Try it: Stop after the line with "Fan Expo Exclusive"; until then, please copy every line of the records word for word from the first.

Data to use:

↓

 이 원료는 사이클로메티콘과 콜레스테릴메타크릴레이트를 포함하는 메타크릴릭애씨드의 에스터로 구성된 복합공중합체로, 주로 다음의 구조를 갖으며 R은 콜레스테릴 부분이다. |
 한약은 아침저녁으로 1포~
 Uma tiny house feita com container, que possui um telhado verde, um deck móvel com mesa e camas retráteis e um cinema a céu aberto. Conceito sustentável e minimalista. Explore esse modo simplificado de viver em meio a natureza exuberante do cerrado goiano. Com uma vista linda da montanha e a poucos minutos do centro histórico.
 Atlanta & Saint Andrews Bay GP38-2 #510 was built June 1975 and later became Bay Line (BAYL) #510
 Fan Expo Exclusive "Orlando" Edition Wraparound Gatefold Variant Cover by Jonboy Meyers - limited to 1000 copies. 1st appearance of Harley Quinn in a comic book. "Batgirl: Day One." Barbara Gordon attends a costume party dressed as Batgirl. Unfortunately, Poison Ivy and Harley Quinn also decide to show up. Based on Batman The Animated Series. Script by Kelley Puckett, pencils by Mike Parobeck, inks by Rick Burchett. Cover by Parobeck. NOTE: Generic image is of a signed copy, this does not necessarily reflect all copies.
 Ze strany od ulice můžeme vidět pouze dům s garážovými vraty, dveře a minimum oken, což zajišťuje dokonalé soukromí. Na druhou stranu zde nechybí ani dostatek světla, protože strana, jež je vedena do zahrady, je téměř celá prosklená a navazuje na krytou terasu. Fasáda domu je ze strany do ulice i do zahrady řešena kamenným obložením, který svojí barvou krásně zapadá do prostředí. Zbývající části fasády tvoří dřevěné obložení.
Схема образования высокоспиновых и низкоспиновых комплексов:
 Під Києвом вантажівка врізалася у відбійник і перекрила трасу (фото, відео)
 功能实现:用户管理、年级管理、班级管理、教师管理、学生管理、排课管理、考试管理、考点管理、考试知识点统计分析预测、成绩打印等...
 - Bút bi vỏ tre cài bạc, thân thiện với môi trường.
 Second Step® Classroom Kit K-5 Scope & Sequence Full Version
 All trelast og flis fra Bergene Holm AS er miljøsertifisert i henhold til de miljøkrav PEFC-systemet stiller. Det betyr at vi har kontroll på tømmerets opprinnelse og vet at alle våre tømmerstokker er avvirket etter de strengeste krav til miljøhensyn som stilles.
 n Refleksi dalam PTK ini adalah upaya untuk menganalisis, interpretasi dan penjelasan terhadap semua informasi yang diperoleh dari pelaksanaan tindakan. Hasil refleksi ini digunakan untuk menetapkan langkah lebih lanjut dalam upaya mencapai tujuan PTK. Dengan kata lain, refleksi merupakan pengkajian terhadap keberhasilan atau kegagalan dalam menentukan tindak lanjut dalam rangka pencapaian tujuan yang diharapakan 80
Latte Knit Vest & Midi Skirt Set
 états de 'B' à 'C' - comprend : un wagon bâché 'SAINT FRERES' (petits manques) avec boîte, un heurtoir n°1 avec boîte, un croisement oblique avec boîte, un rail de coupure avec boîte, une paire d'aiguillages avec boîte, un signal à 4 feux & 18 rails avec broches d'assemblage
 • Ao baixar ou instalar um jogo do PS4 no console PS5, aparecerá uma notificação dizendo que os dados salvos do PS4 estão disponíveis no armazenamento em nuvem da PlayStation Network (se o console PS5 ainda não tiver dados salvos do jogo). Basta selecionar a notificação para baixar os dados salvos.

↑

Result below:
 이 원료는 사이클로메티콘과 콜레스테릴메타크릴레이트를 포함하는 메타크릴릭애씨드의 에스터로 구성된 복합공중합체로, 주로 다음의 구조를 갖으며 R은 콜레스테릴 부분이다. |
 한약은 아침저녁으로 1포~
 Uma tiny house feita com container, que possui um telhado verde, um deck móvel com mesa e camas retráteis e um cinema a céu aberto. Conceito sustentável e minimalista. Explore esse modo simplificado de viver em meio a natureza exuberante do cerrado goiano. Com uma vista linda da montanha e a poucos minutos do centro histórico.
 Atlanta & Saint Andrews Bay GP38-2 #510 was built June 1975 and later became Bay Line (BAYL) #510
 Fan Expo Exclusive "Orlando" Edition Wraparound Gatefold Variant Cover by Jonboy Meyers - limited to 1000 copies. 1st appearance of Harley Quinn in a comic book. "Batgirl: Day One." Barbara Gordon attends a costume party dressed as Batgirl. Unfortunately, Poison Ivy and Harley Quinn also decide to show up. Based on Batman The Animated Series. Script by Kelley Puckett, pencils by Mike Parobeck, inks by Rick Burchett. Cover by Parobeck. NOTE: Generic image is of a signed copy, this does not necessarily reflect all copies.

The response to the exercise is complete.